Palestinian poet (born 1978)

Najwan Darwish (نجوان درويش; born December 8, 1978 in Jerusalem) is a Palestinian poet described by The New York Review of Books as "one of the foremost contemporary Arab poets".

In 2009, Darwish was named as one of the Beirut39, a selection of 39 promising Arab writers. In 2014, NPR included his book Nothing More to Lose as one of the best books of the year. Named as "one of Arabic literature’s biggest new stars" Darwish's work has been translated into over 20 languages.

== Career ==
Besides being a poet, Darwish is a cultural editor in the Arab world. He has played an important role in developing Arabic cultural journalism by co-founding independent magazines and mainstream daily newspapers, as well as being a sharp critic. He was the chief editor of Min Wa Ila (from/to) Magazine in Palestine, and the cultural critic for Al Akhbar newspaper in Lebanon from 2006 to 2012, amongst other key positions in cultural journalism. In 2014 he became the founding chief editor of the cultural section of Al Araby Al Jadeed (The New Arab), a major pan-Arab daily newspaper based in London.

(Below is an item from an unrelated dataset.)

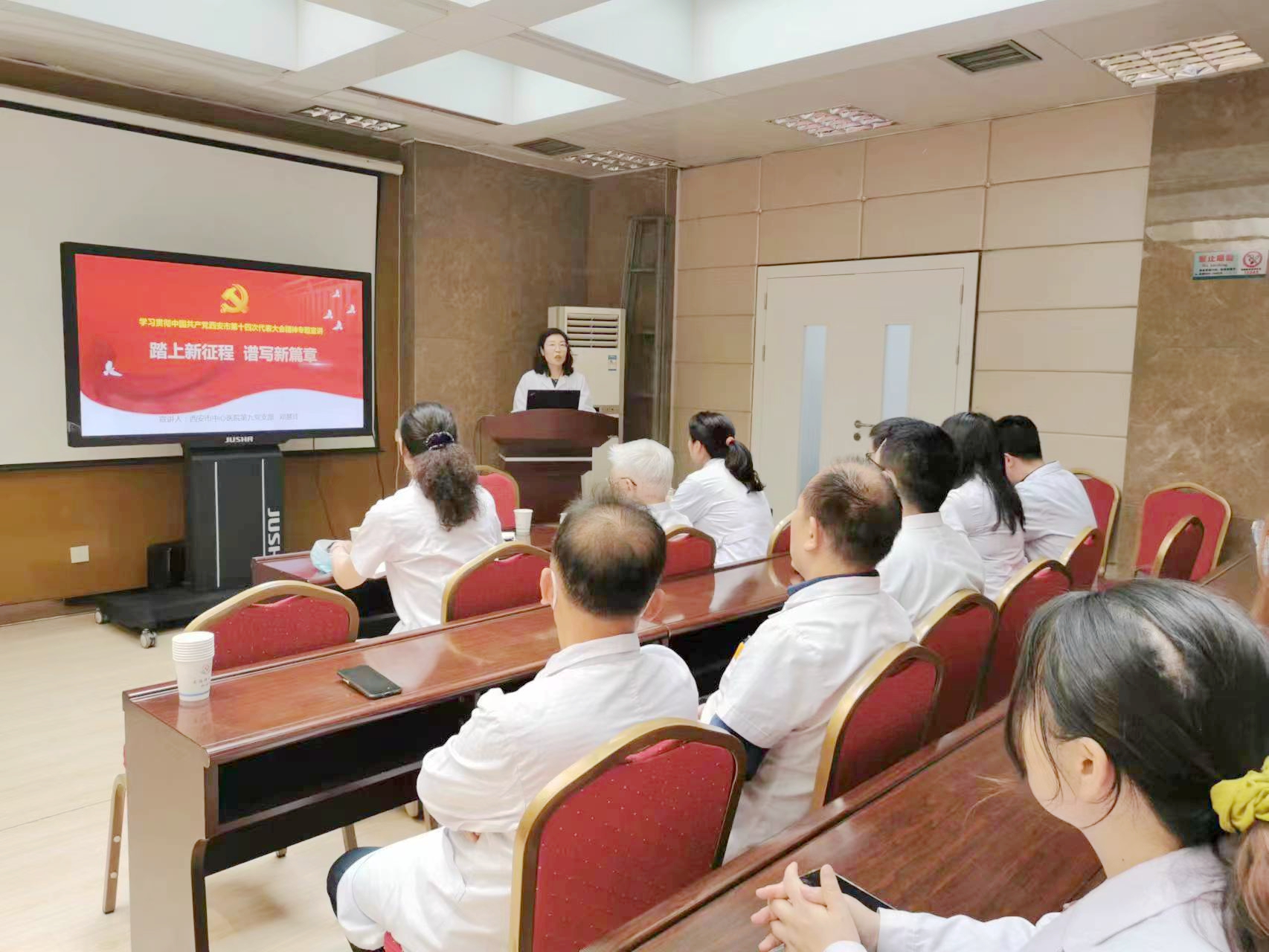 宣誓完毕,邓慧玲副院长以《展现新担当,谱写新篇章》为题,进行了市第十四次党代会精神的宣讲学习,邓院长从大会报告的四个方面,深入剖析了市第十四次党代会的大会主题和重大意义,西安过去五年取得的成绩以及未来五年高质量发展的指导思想、奋斗目标和重点任务,既有理论高度、又有全局视野,既有历史纵深感、又有现实针对性,为党员上了生动的一课。同时邓院长也向全体党员提出新的要求,要求全体党员统一思想,凝聚行动,理顺思路,谋划发展,树立患者至上,质量立院,服务兴院的宗旨,立足色花堂 “一院四区”发展,发挥共产党员的模范带头作用,不断增强患者的获得感、幸福感、安全感,奋力谱写中心医院高质量发展新篇章。

Darwish is active in diverse media, culture and art projects in Palestine and the Arab world. He was the literary advisor of MASARAT Palestine, the Palestinian Cultural and Artistic Year in Belgium (2007–2008) alongside the late Palestinian poet Mahmoud Darwish who was the head of the committee. He was the literary advisor to the Palestine Festival of Literature (PalFest).

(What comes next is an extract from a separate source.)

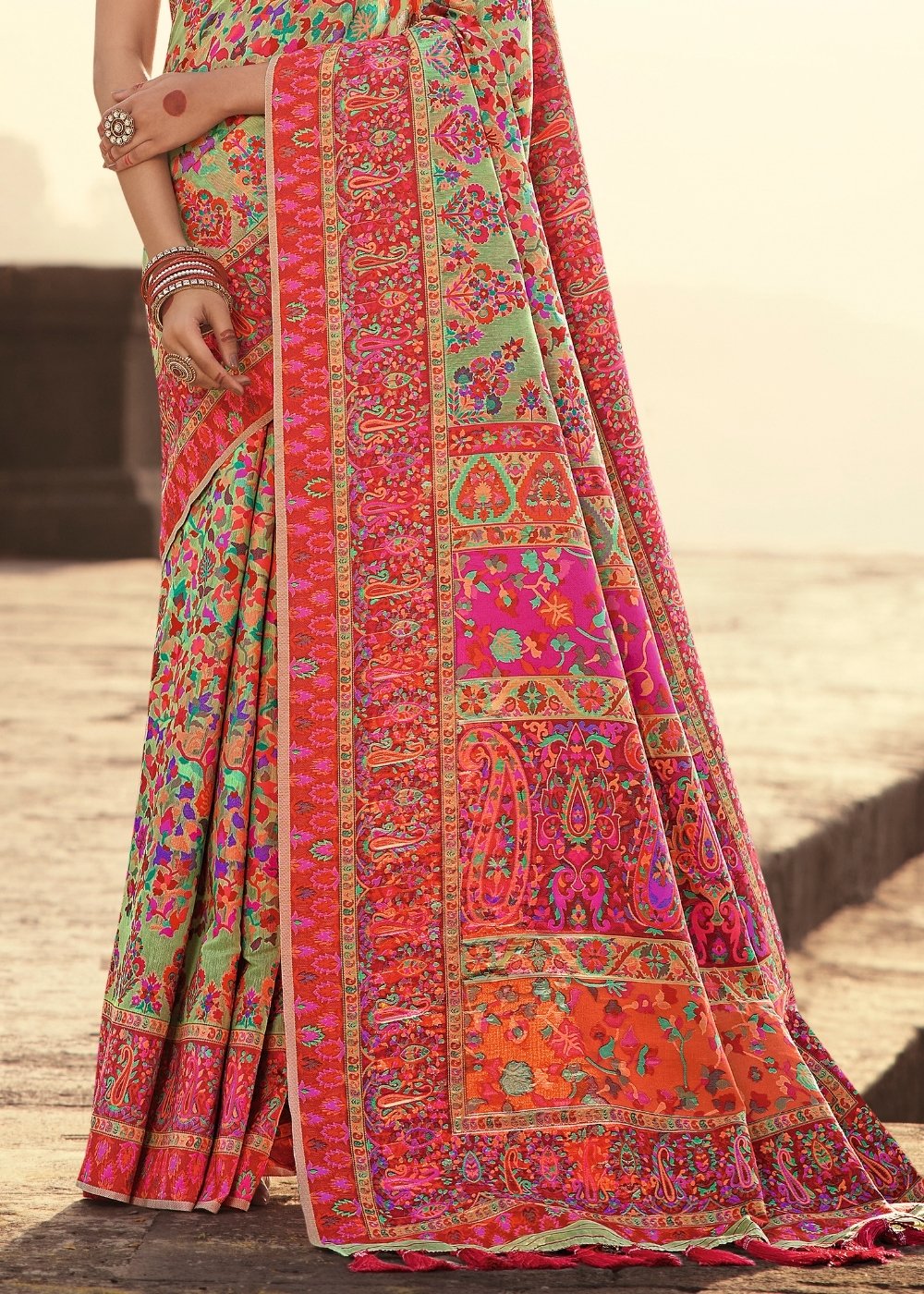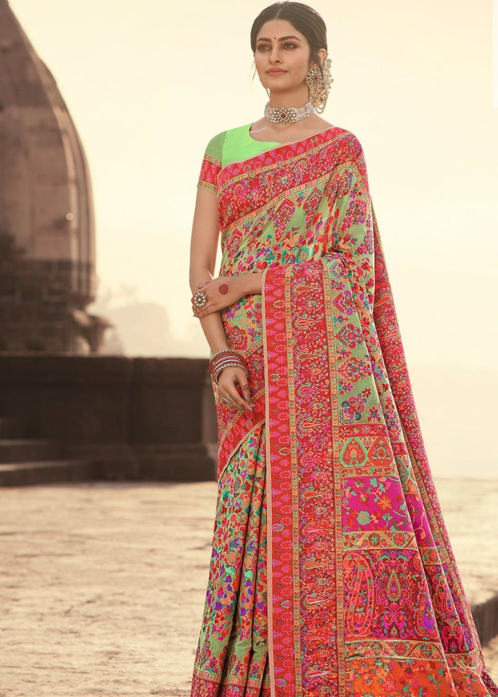 Pista Green Banarasi Kora Silk Saree with Pashmina Weaving & Zari Border Pallu

In 2025 Darwish's poetry collection No One Will Know You Tomorrow (translated by Kareem James Abu-Zeid) was shortlisted for the PEN Heaney Prize.

== Works and translations ==

=== Selected books in Arabic ===

| Title | Year | Publisher | ISBN |
|---|---|---|---|
| The Closer I Got to the Storm (Arabic original: كُلّما اقتربتُ من عاصِفة) | 2018 | Al-Feel Publications (دار الفيل) & Arab Institute for Research and Publishing (المؤسسة العربية للدراسات والنشر) | 9786144198902 |
| Exhausted on the Cross (Arabic original: تَعِبَ المُعلَّقون) | 2018 | Al-Feel Publications (دار الفيل) & Arab Institute for Research and Publishing (المؤسسة العربية للدراسات والنشر) | 9786144199053 |
| Once We Woke Up in Heaven (Arabic original: استيقَظنا مَرَّةً في الجَنَّة) | 2020 | Al-Feel Publications (دار الفيل) & Arab Institute for Research and Publishing (المؤسسة العربية للدراسات والنشر) | 9786144861530 |
| A Chair on the Wall of Akka (Arabic original: كُرسيّ على سُور عَكّا) | 2021 | Al-Feel Publications (دار الفيل) & Arab Institute for Research and Publishing (المؤسسة العربية للدراسات والنشر) | 9786144861547 |

=== Selected books in English ===

| Title | Year | Publisher | ISBN |
|---|---|---|---|
| No One Will Know You Tomorrow: Selected Poems 2014-2024 | 2024 | Yale University Press | 9780300275469 |
| Nothing More to Lose | 2014 | New York Review Books | 9781590177303 |
| Embrace | 2020 | The Poetry Translation Centre | 9781916114128 |
| Exhausted on the Cross | 2021 | New York Review Books | 9781681375526 |

=== Selected books in Spanish ===

| Title | Year | Publisher | ISBN |
|---|---|---|---|
| Nada más que perder (English: Nothing more to lose) | 2016 | Valparaíso Ediciones | 9788416560424 |
| Durmiendo en Gaza (English: Sleeping in Gaza) | 2017 | Valparaíso México | 9786078437108 |
| No eres poeta en Granada (English: You are not a poet in Granada) | 2018 | Sonámbulos Ediciones | 9788494653483 |
| Exhausto en la cruz (English: Exhausted on the Cross) | 2022 | Vaso Roto | 9788412519778 |
| Nada más que perder (English: Nothing More to Lose) | 2024 | Vaso Roto | 9788419693617 |

== Critical reception ==
The critic Issa J. Boullata described Darwish's work as "a welcome change in poetic writing in Arabic".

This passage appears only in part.